# [WORK ITEM]
The full listing, minus its pictures, should be printed again exactly as it stands.

# [DATASET CONTENT]

Content starts

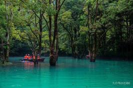 水上森林是荔波小七孔的一个著名景观,是属于罕见的岩溶地貌水上森林区。这里的千百株树木,包括珍奇树木数十种,全都植根于水中的顽石上,又透过顽石扎根于河床,造就了这幅水中有石,石上有树,树植水中,水、石、树相偎相依的奇景。
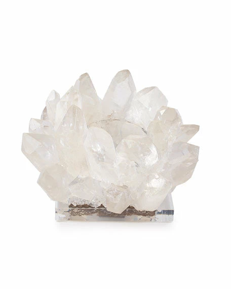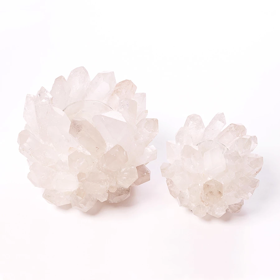Handcrafted votive holder made of quartz and glass. When a candle is added, the votive gives off a warm, glowly light, shining through the quartz. Since each votive is handmade, variations in size and shape are part of this item’s uniquity. (Candle not included).
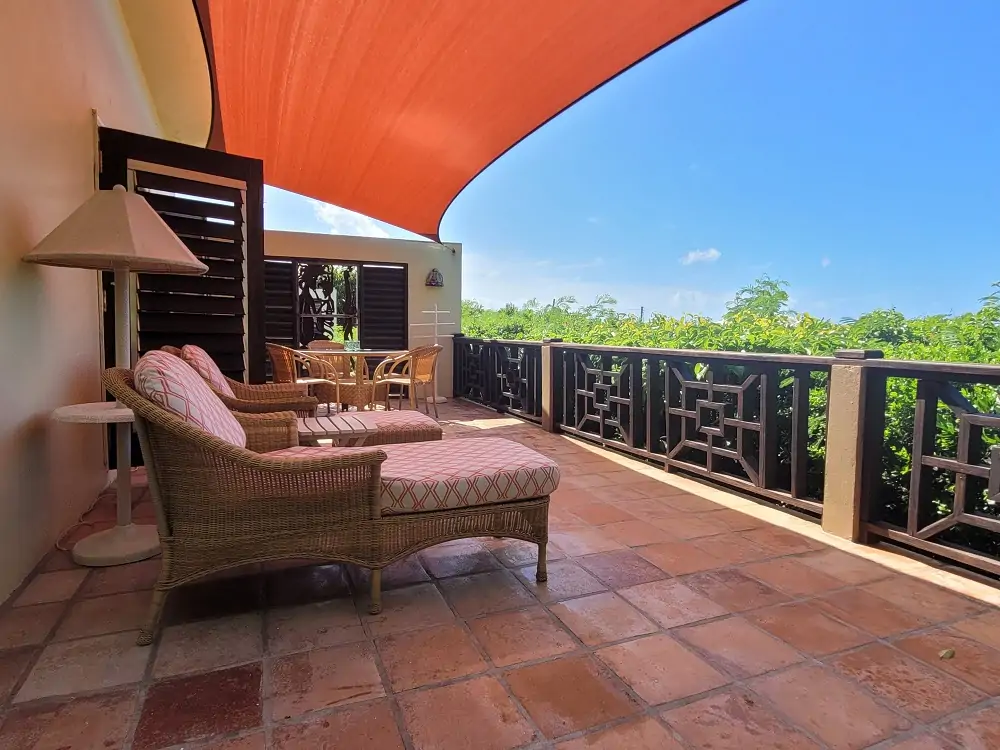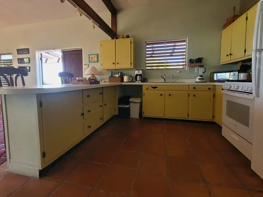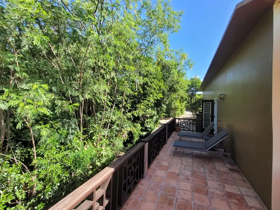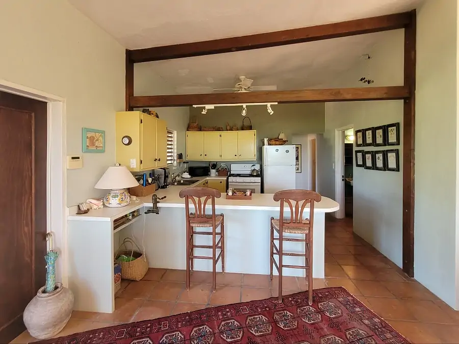 The second house, Chinaberry north of the courtyard, could be used as a standalone unit or guest studio with its own kitchenette. The spacious room doubles up as a bedroom/living area while a low-lying bathroom, three steps down, boasts a delicious outdoor shower. Chinaberry also has an inviting indoor/outdoor space with great views, and the entire house is enhanced by the terracotta tiles.

Content ends

# [RESPONSE TO THE EXERCISE]
 水上森林是荔波小七孔的一个著名景观,是属于罕见的岩溶地貌水上森林区。这里的千百株树木,包括珍奇树木数十种,全都植根于水中的顽石上,又透过顽石扎根于河床,造就了这幅水中有石,石上有树,树植水中,水、石、树相偎相依的奇景。
Handcrafted votive holder made of quartz and glass. When a candle is added, the votive gives off a warm, glowly light, shining through the quartz. Since each votive is handmade, variations in size and shape are part of this item’s uniquity. (Candle not included).
 The second house, Chinaberry north of the courtyard, could be used as a standalone unit or guest studio with its own kitchenette. The spacious room doubles up as a bedroom/living area while a low-lying bathroom, three steps down, boasts a delicious outdoor shower. Chinaberry also has an inviting indoor/outdoor space with great views, and the entire house is enhanced by the terracotta tiles.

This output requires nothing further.